• Work request:
In the material below, print every line exactly and omit the pictures.
___ Data excerpt ___
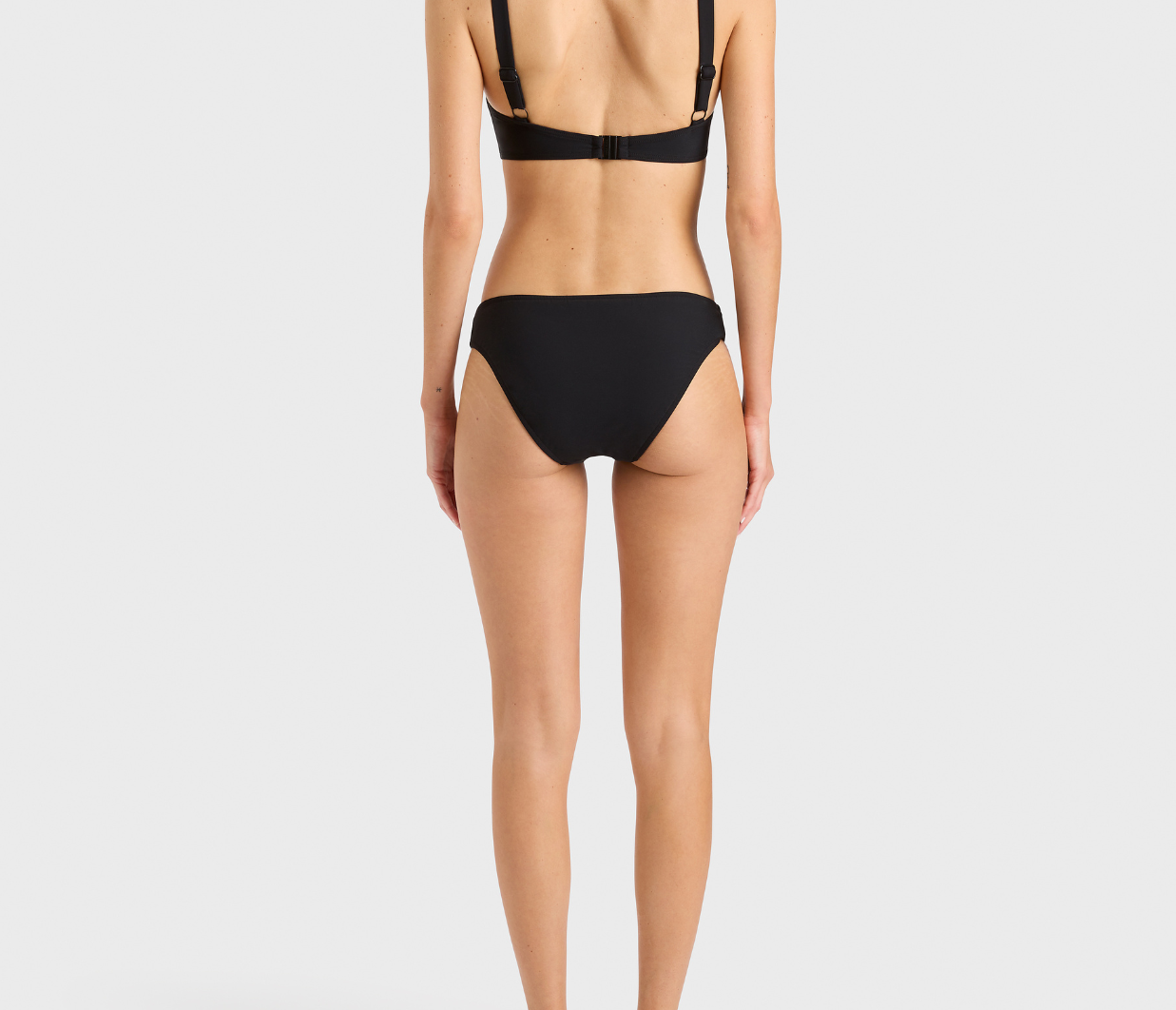 Introducing Bondi Born's Clio Bikini Top in Black, a bikini swimwear top in a black hue. The Clio top features a modern square neckline with a V-wire detail at the centre front, crafted from premium Italian-milled Sculpteur® fabric for a perfect fit. Designed with wide, comfortable shoulder straps and invisible under-bust support, Clio is ideal for larger busts, best suiting cup sizes B to DD.
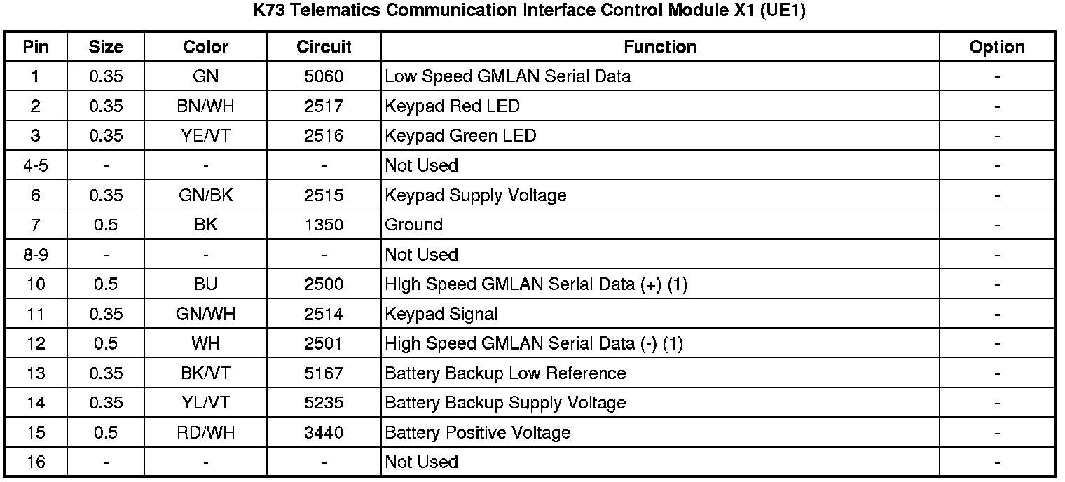 K73 Telematics Communication Interface Control Module X1 (UE1)
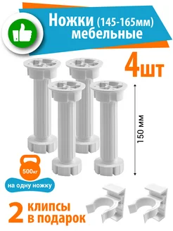 Ножки для мебели регулируемые 15 см 4 шт Пластиковые
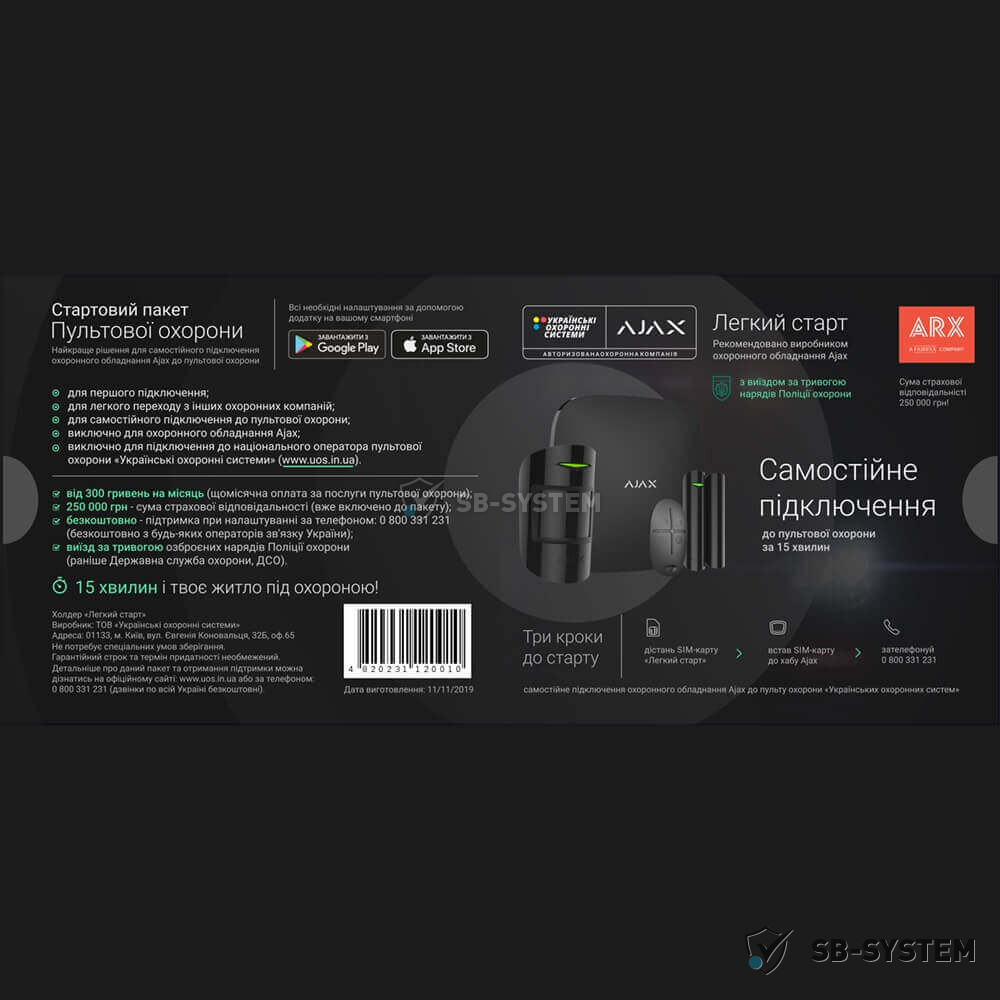 Опис товару стартовий пакет Холдер «Легкий Старт» для підключення Ajax до пульта охорони «Українських охоронних систем» з виїздом за тривогою нарядів Поліції охорони
___
• Answer space:
 Introducing Bondi Born's Clio Bikini Top in Black, a bikini swimwear top in a black hue. The Clio top features a modern square neckline with a V-wire detail at the centre front, crafted from premium Italian-milled Sculpteur® fabric for a perfect fit. Designed with wide, comfortable shoulder straps and invisible under-bust support, Clio is ideal for larger busts, best suiting cup sizes B to DD.
 K73 Telematics Communication Interface Control Module X1 (UE1)
 Ножки для мебели регулируемые 15 см 4 шт Пластиковые
 Опис товару стартовий пакет Холдер «Легкий Старт» для підключення Ajax до пульта охорони «Українських охоронних систем» з виїздом за тривогою нарядів Поліції охорони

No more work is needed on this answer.